Start of Data for processing

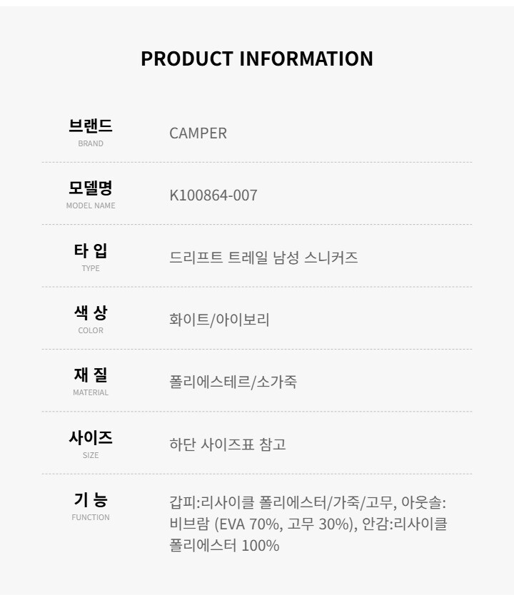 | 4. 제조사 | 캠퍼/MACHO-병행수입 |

End of Data for processing
Start of Data for processing

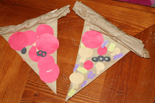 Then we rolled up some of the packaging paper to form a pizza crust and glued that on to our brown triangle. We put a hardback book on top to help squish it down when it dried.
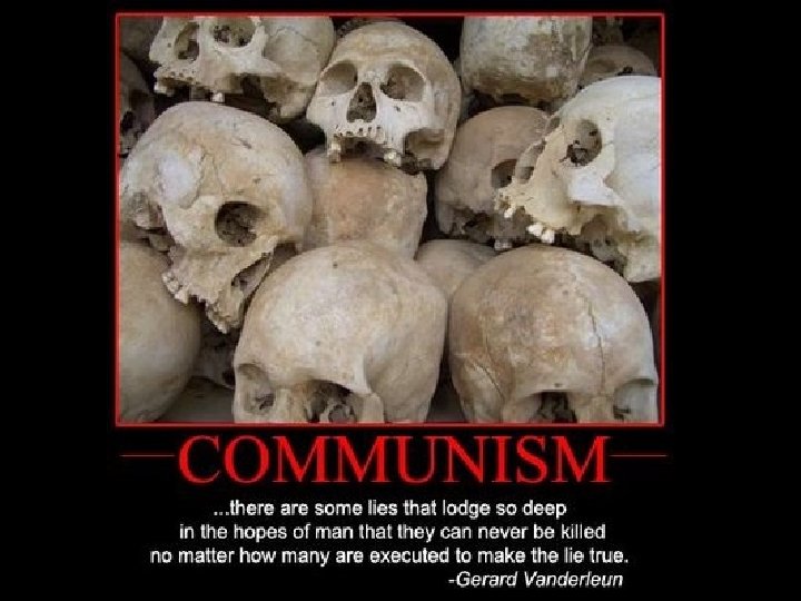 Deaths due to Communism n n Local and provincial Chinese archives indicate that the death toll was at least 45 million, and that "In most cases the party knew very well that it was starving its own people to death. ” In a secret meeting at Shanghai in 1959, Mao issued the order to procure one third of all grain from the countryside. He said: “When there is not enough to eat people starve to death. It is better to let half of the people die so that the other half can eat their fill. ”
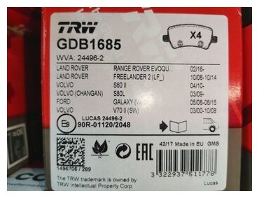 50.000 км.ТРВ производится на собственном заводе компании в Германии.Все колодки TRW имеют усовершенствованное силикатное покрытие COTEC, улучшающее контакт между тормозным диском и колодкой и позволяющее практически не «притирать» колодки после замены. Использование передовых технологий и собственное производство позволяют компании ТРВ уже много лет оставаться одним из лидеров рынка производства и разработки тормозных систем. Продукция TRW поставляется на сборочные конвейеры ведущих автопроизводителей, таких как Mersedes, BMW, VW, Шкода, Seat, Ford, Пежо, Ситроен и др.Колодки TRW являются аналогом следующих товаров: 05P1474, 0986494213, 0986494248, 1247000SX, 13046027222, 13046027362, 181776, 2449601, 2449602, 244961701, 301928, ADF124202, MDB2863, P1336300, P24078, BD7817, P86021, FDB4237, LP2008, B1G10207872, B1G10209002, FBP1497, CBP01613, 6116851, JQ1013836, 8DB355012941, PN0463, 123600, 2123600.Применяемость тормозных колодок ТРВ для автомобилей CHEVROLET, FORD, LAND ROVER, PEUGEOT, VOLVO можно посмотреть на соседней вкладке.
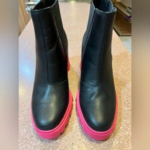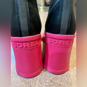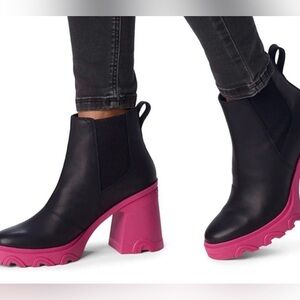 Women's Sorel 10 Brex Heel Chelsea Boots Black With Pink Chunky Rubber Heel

End of Data for processing

[Problem to solve]
Output exactly the lines above, from the line with "Deaths due to" to the line with "50.000 км.ТРВ производится", both included; skip the pictures.

[Completed exercise]
 Deaths due to Communism n n Local and provincial Chinese archives indicate that the death toll was at least 45 million, and that "In most cases the party knew very well that it was starving its own people to death. ” In a secret meeting at Shanghai in 1959, Mao issued the order to procure one third of all grain from the countryside. He said: “When there is not enough to eat people starve to death. It is better to let half of the people die so that the other half can eat their fill. ”
 50.000 км.ТРВ производится на собственном заводе компании в Германии.Все колодки TRW имеют усовершенствованное силикатное покрытие COTEC, улучшающее контакт между тормозным диском и колодкой и позволяющее практически не «притирать» колодки после замены. Использование передовых технологий и собственное производство позволяют компании ТРВ уже много лет оставаться одним из лидеров рынка производства и разработки тормозных систем. Продукция TRW поставляется на сборочные конвейеры ведущих автопроизводителей, таких как Mersedes, BMW, VW, Шкода, Seat, Ford, Пежо, Ситроен и др.Колодки TRW являются аналогом следующих товаров: 05P1474, 0986494213, 0986494248, 1247000SX, 13046027222, 13046027362, 181776, 2449601, 2449602, 244961701, 301928, ADF124202, MDB2863, P1336300, P24078, BD7817, P86021, FDB4237, LP2008, B1G10207872, B1G10209002, FBP1497, CBP01613, 6116851, JQ1013836, 8DB355012941, PN0463, 123600, 2123600.Применяемость тормозных колодок ТРВ для автомобилей CHEVROLET, FORD, LAND ROVER, PEUGEOT, VOLVO можно посмотреть на соседней вкладке.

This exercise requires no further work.